Rehabilitation Program for Hip & Tailbone Pain
1. Mobility Exercises
Hip circles: Gently rotate hips in circles, 10 reps each direction
Figure-4 stretch: Stretch piriformis and glutes, hold 20–30 seconds each side
Cat-cow stretch: Mobilize lower spine, 10 reps
2. Stability & Strengthening
Glute bridges: Strengthen glutes and core, 10–15 reps
Clamshells: Target gluteus medius, 10 reps each side
Bird-dog: Improve pelvic and spinal stability, 10 reps each side
Pelvic tilts: Activate deep core muscles, 10 reps
3. Adjunct Recovery Tools
Rest & activity modification – avoid aggravating positions
Ice or heat therapy – ice for acute inflammation, heat for stiffness
Topical salves or Biofreeze – temporary pain relief
Epsom salt baths – relax muscles and reduce tension
4. Lifestyle & Trigger Management
Take breaks from prolonged sitting; use cushions or ergonomic chairs
Posture awareness at desk or when lifting
Stress management techniques (meditation, deep breathing)

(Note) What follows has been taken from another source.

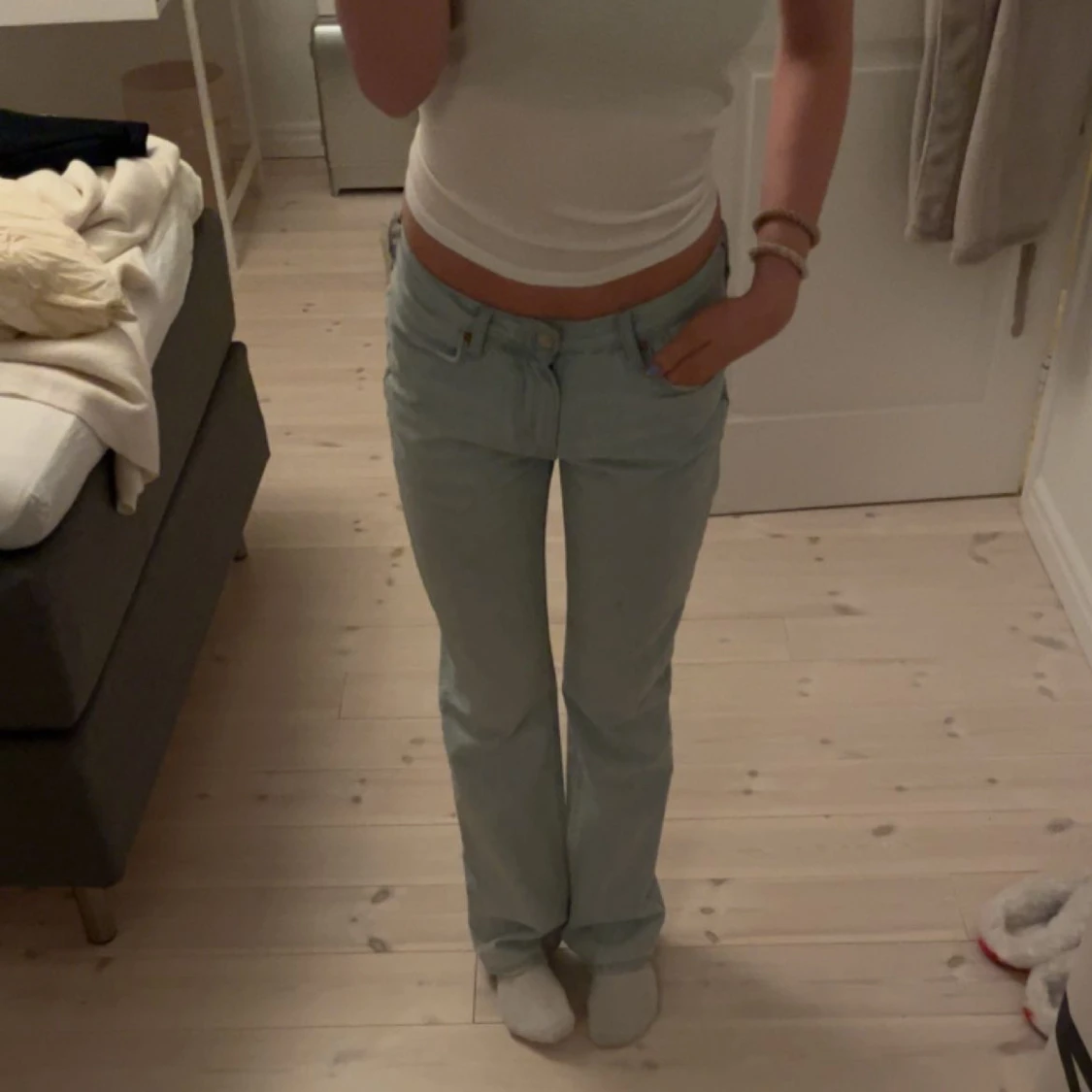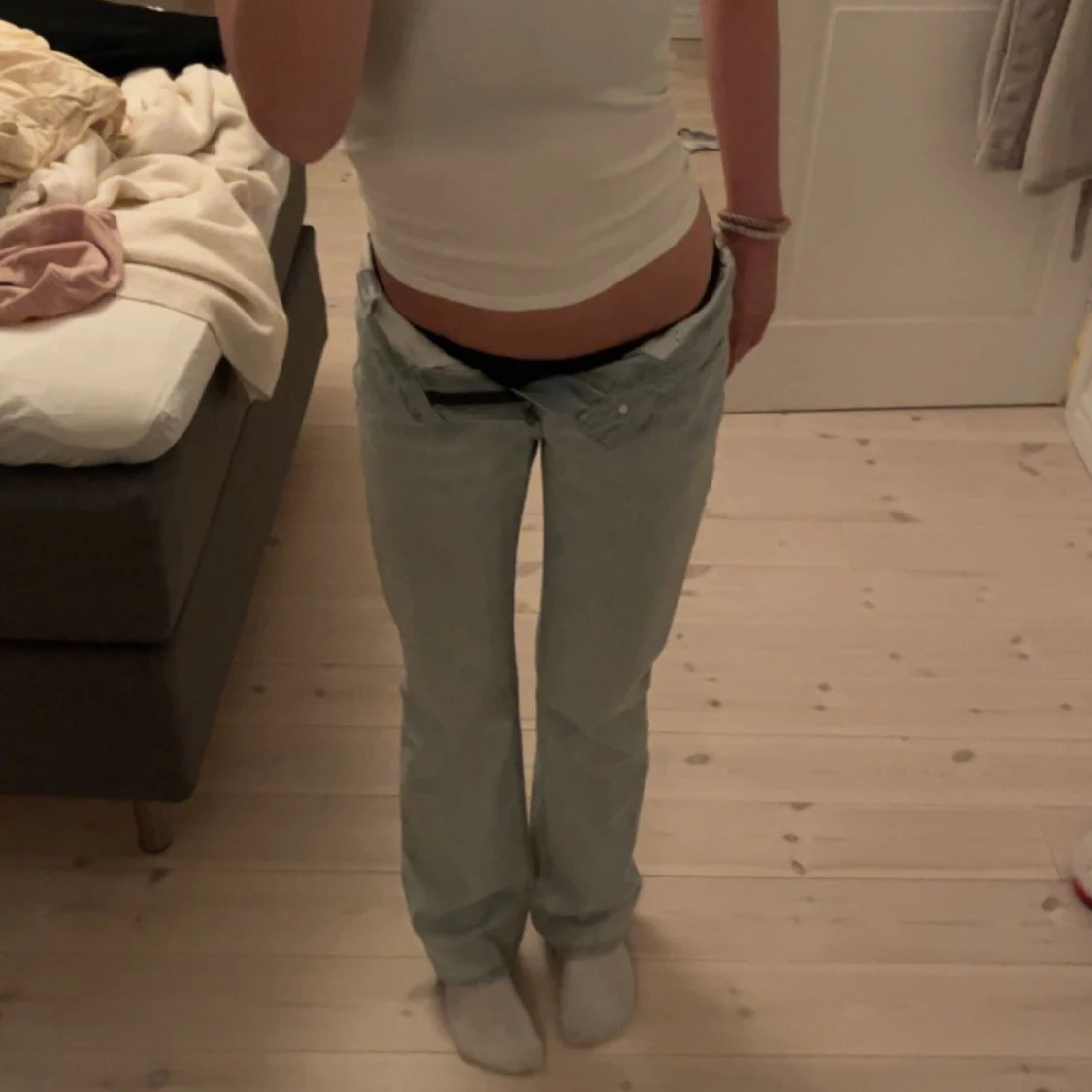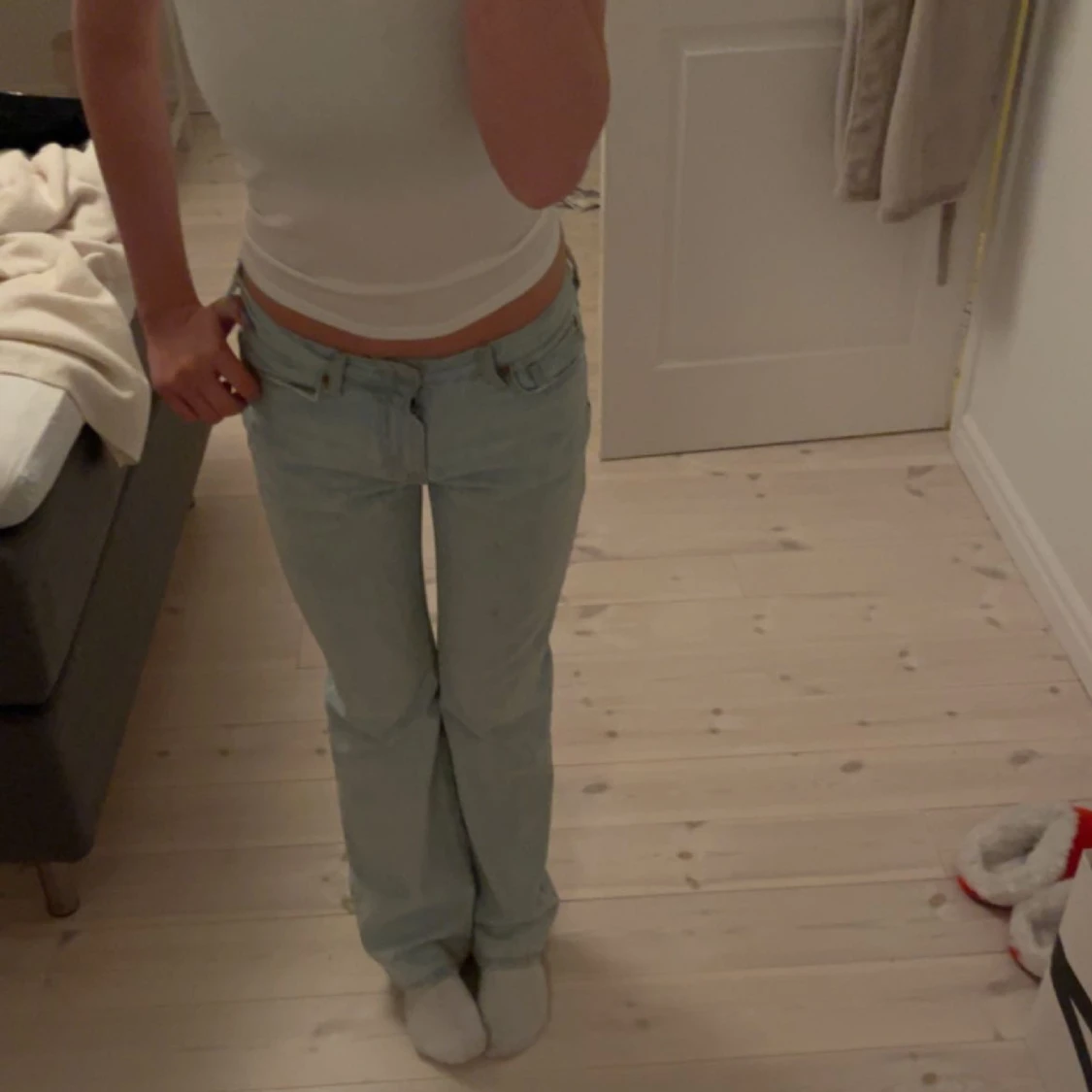Superfina jeans från bikbok! De är mid/low Waist och är i strl 25/32, innerbenslängden: 79cm Midjemåttet: 37cm tvärs över!

Adequate hydration, sleep, and nutrition to support tissue repair
Red Flags – Seek Immediate Care
Severe tailbone or hip deformity after trauma
Sudden inability to stand or walk
Persistent tingling, numbness, or weakness in legs
Pain not improving with conservative care
These may indicate fracture, nerve compression, or joint dislocation.
Key Takeaways
Hip and tailbone pain involves muscles, ligaments, tendons, bones, and nerves.
Weak stabilizers, poor posture, and repetitive stress increase strain and nervous system sensitivity.
Chiropractic care restores joint motion, reduces nerve irritation, and improves muscular balance.
Rehabilitation exercises, adjunct therapies, and lifestyle changes prevent recurrence and restore comfort.